◆ Collected material
═══
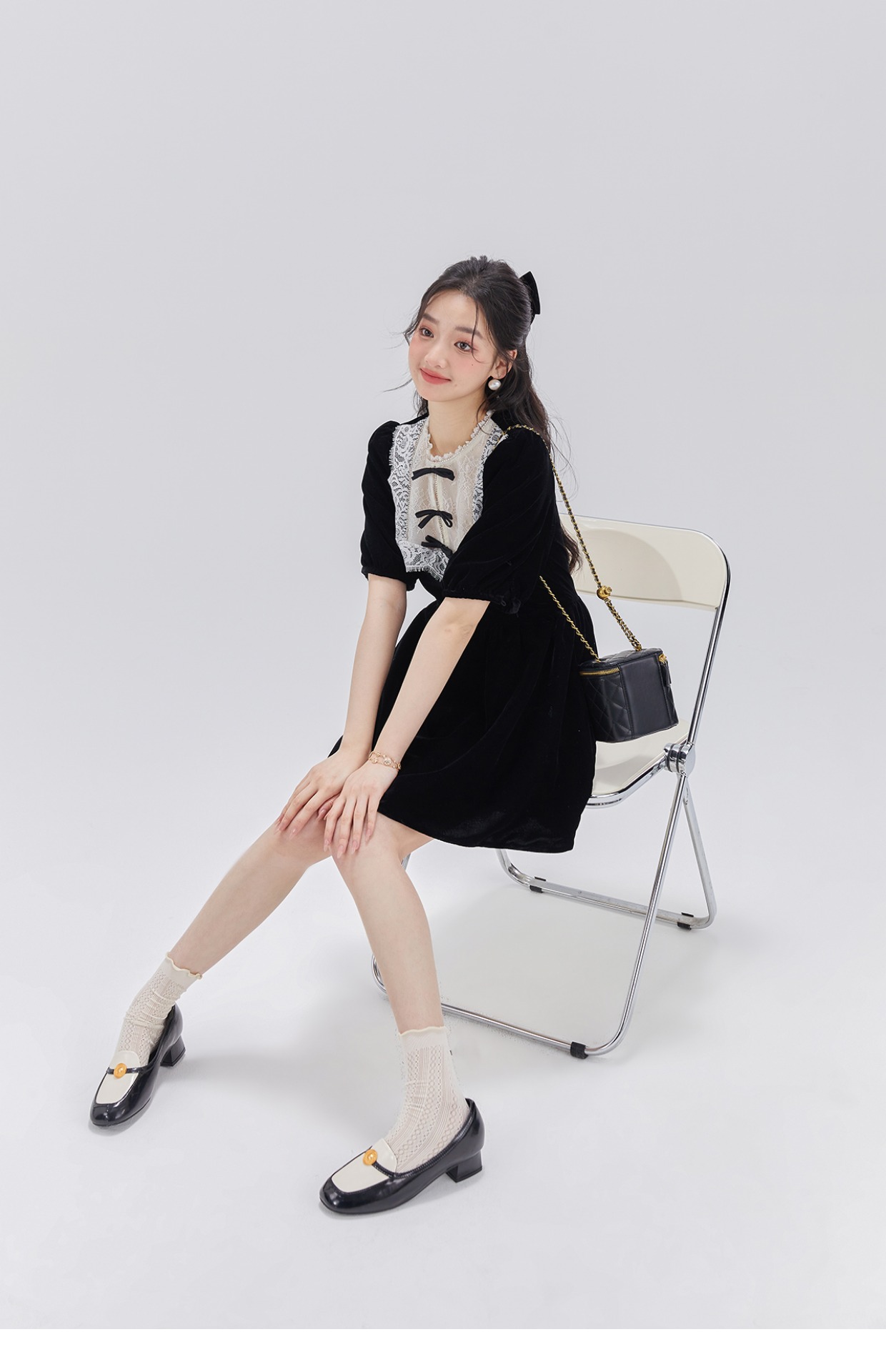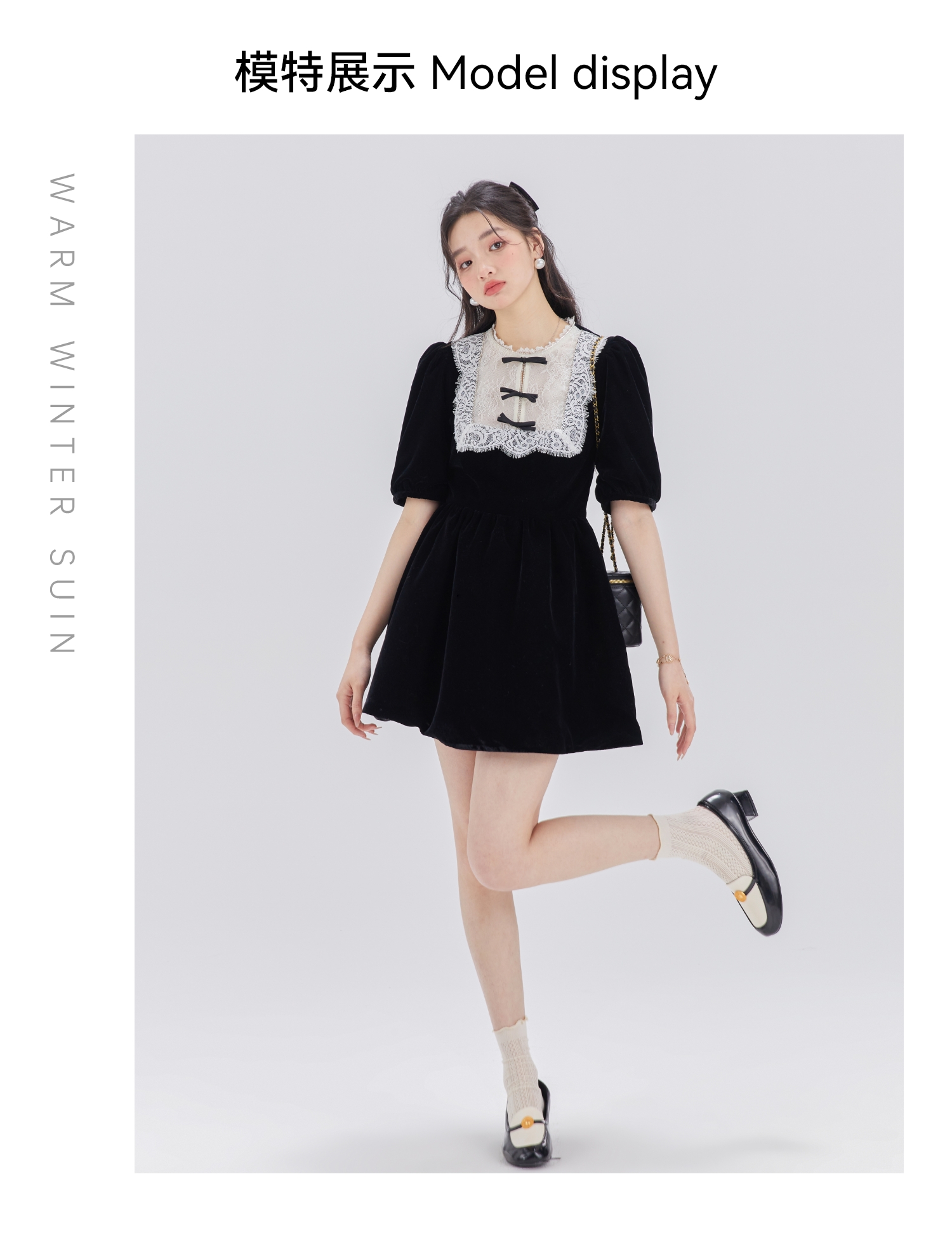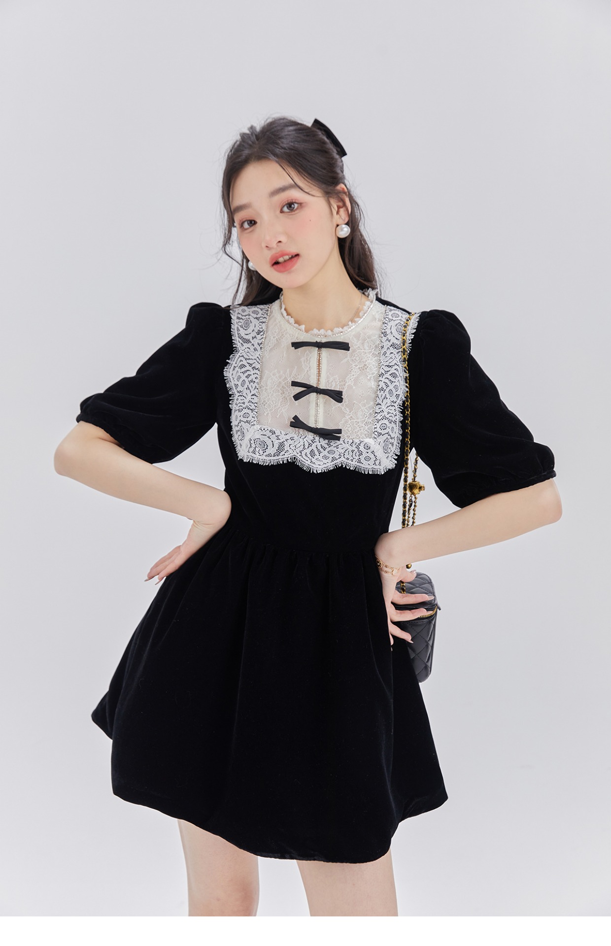 小鹿的泡芙 中古少女 蕾絲拼接絲絨連衣裙
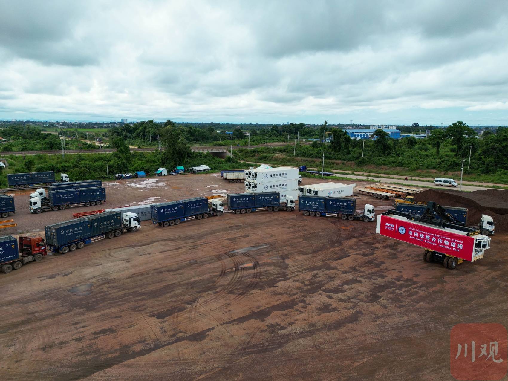 万象南站,中老铁路的终点,车站周边大型货车来来往往。驱车来到距车站不到2公里的四川西部陆海新通道老挝(万象)物贸集散中心,从主干道进入集散中心堆场,短短数百米路,迎面就遇到3辆载着集装箱的货车驶出。
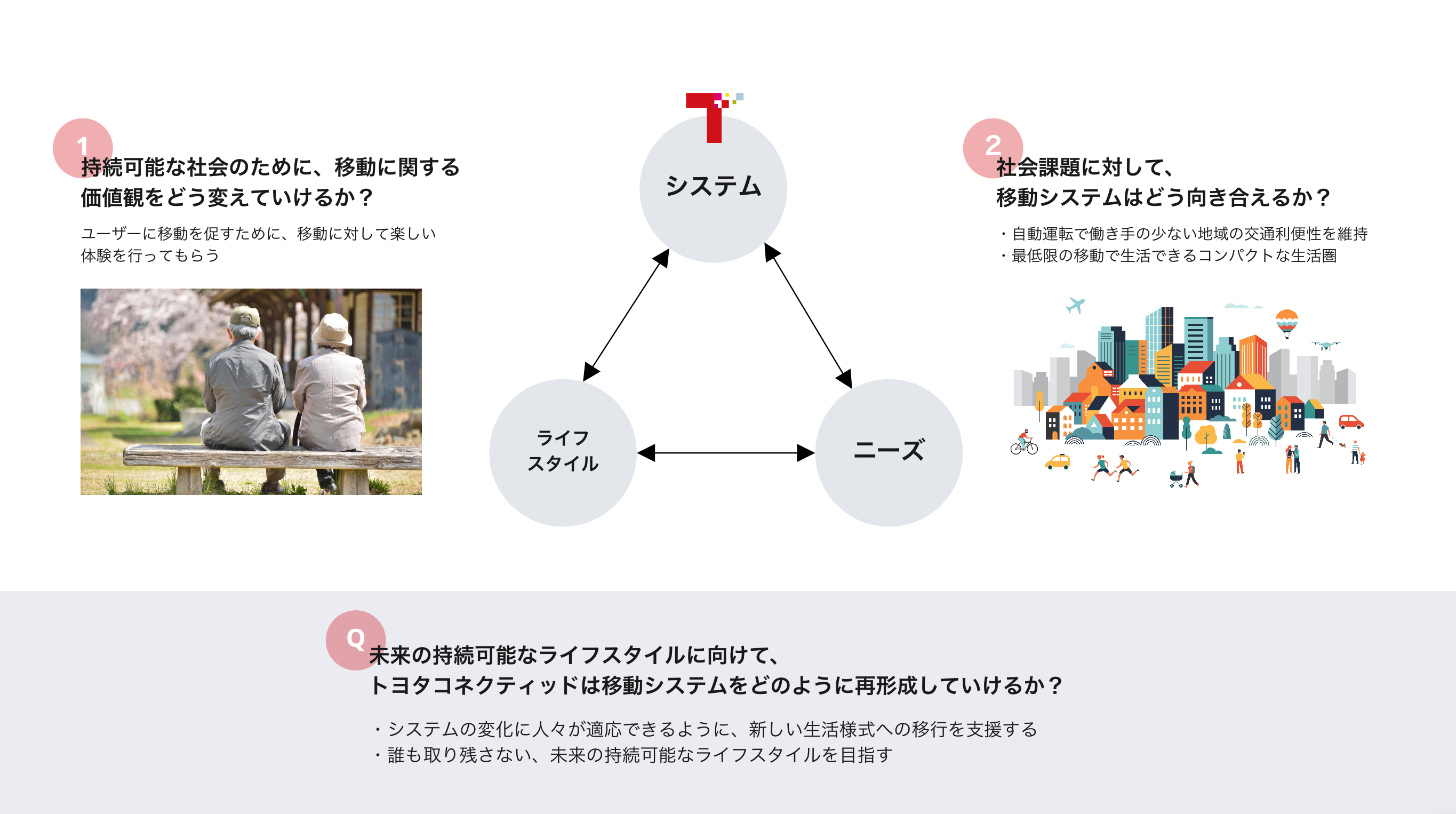 「持続可能な移動社会」つまり「サステナブルな移動」を実現するために、未来だけではなく現在と過去について深く知ること、また、多角的な視点で「移動」へアプローチすることで、より深い(ユーザーの内側に隠れている本音)を理解でき、解決すべき課題の発見も期待できると考えました。
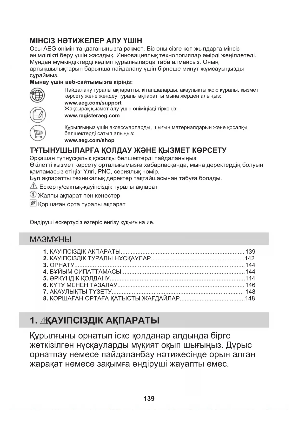 Riciclare i materiali con il simbolo . Buttare l'imballaggio negli appositi contenitori per il riciclaggio. Aiutare a proteggere l’ambiente e la salute umana e a riciclare rifiuti derivanti da apparecchiature elettriche ed elettroniche. Non smaltire le apparecchiature che riportano il simbolo insieme ai normali rifiuti domestici. Portare il prodotto al punto di riciclaggio più vicino o contattare il comune di residenza. 138МІНСІЗ НӘТИЖЕЛЕР АЛУ ҮШІН Осы AEG өнімін таңдағаныңызға рақмет. Біз оны сізге көп жылдарға мінсізөнімділікті беру үшін жасадық. Инновациялық технологиялар өмірді жеңілдетеді.Мұндай мүмкіндіктерді кәдімгі құрылғыларда таба алмайсыз. Оныңартықшылықтарын барынша пайдалану үшін бірнеше минут жұмсауыңыздысұраймыз.Мынау үшін веб-сайтымызға кіріңіз:Пайдалану туралы ақпаратты, кітапшаларды, ақаулықты жою құралы, қызметкөрсету және жөндеу туралы ақпаратты мына жерден алыңыз:www.aeg.com/supportЖақсырақ қызмет алу үшін өніміңізді тіркеңіз:www.registeraeg.comҚұрылғыңыз үшін аксессуарларды, шығын материалдарын және қосалқыбөлшектерді сатып алыңыз:www.aeg.com/shop ТҰТЫНУШЫЛАРҒА ҚОЛДАУ ЖӘНЕ ҚЫЗМЕТ КӨРСЕТУ Әрқашан түпнұсқалық қосалқы бөлшектерді пайдаланыңыз.Өкілетті қызмет көрсету орталығымызға хабарласқанда, мына деректердің болуынқамтамасыз етіңіз: Үлгі, PNC, сериялық нөмір.Бұл ақпаратты техникалық деректер тақтайшасынан табуға болады. Ескерту/сақтық-қауіпсіздік туралы ақпарат Жалпы ақпарат пен кеңестер Қоршаған орта туралы ақпаратӨндіруші ескертусіз өзгеріс енгізу құқығына ие.
═══
◆ Your goal
Write out every line above exactly as it is, leaving out the pictures.

◆ Task solution
 小鹿的泡芙 中古少女 蕾絲拼接絲絨連衣裙
 万象南站,中老铁路的终点,车站周边大型货车来来往往。驱车来到距车站不到2公里的四川西部陆海新通道老挝(万象)物贸集散中心,从主干道进入集散中心堆场,短短数百米路,迎面就遇到3辆载着集装箱的货车驶出。
 「持続可能な移動社会」つまり「サステナブルな移動」を実現するために、未来だけではなく現在と過去について深く知ること、また、多角的な視点で「移動」へアプローチすることで、より深い(ユーザーの内側に隠れている本音)を理解でき、解決すべき課題の発見も期待できると考えました。
 Riciclare i materiali con il simbolo . Buttare l'imballaggio negli appositi contenitori per il riciclaggio. Aiutare a proteggere l’ambiente e la salute umana e a riciclare rifiuti derivanti da apparecchiature elettriche ed elettroniche. Non smaltire le apparecchiature che riportano il simbolo insieme ai normali rifiuti domestici. Portare il prodotto al punto di riciclaggio più vicino o contattare il comune di residenza. 138МІНСІЗ НӘТИЖЕЛЕР АЛУ ҮШІН Осы AEG өнімін таңдағаныңызға рақмет. Біз оны сізге көп жылдарға мінсізөнімділікті беру үшін жасадық. Инновациялық технологиялар өмірді жеңілдетеді.Мұндай мүмкіндіктерді кәдімгі құрылғыларда таба алмайсыз. Оныңартықшылықтарын барынша пайдалану үшін бірнеше минут жұмсауыңыздысұраймыз.Мынау үшін веб-сайтымызға кіріңіз:Пайдалану туралы ақпаратты, кітапшаларды, ақаулықты жою құралы, қызметкөрсету және жөндеу туралы ақпаратты мына жерден алыңыз:www.aeg.com/supportЖақсырақ қызмет алу үшін өніміңізді тіркеңіз:www.registeraeg.comҚұрылғыңыз үшін аксессуарларды, шығын материалдарын және қосалқыбөлшектерді сатып алыңыз:www.aeg.com/shop ТҰТЫНУШЫЛАРҒА ҚОЛДАУ ЖӘНЕ ҚЫЗМЕТ КӨРСЕТУ Әрқашан түпнұсқалық қосалқы бөлшектерді пайдаланыңыз.Өкілетті қызмет көрсету орталығымызға хабарласқанда, мына деректердің болуынқамтамасыз етіңіз: Үлгі, PNC, сериялық нөмір.Бұл ақпаратты техникалық деректер тақтайшасынан табуға болады. Ескерту/сақтық-қауіпсіздік туралы ақпарат Жалпы ақпарат пен кеңестер Қоршаған орта туралы ақпаратӨндіруші ескертусіз өзгеріс енгізу құқығына ие.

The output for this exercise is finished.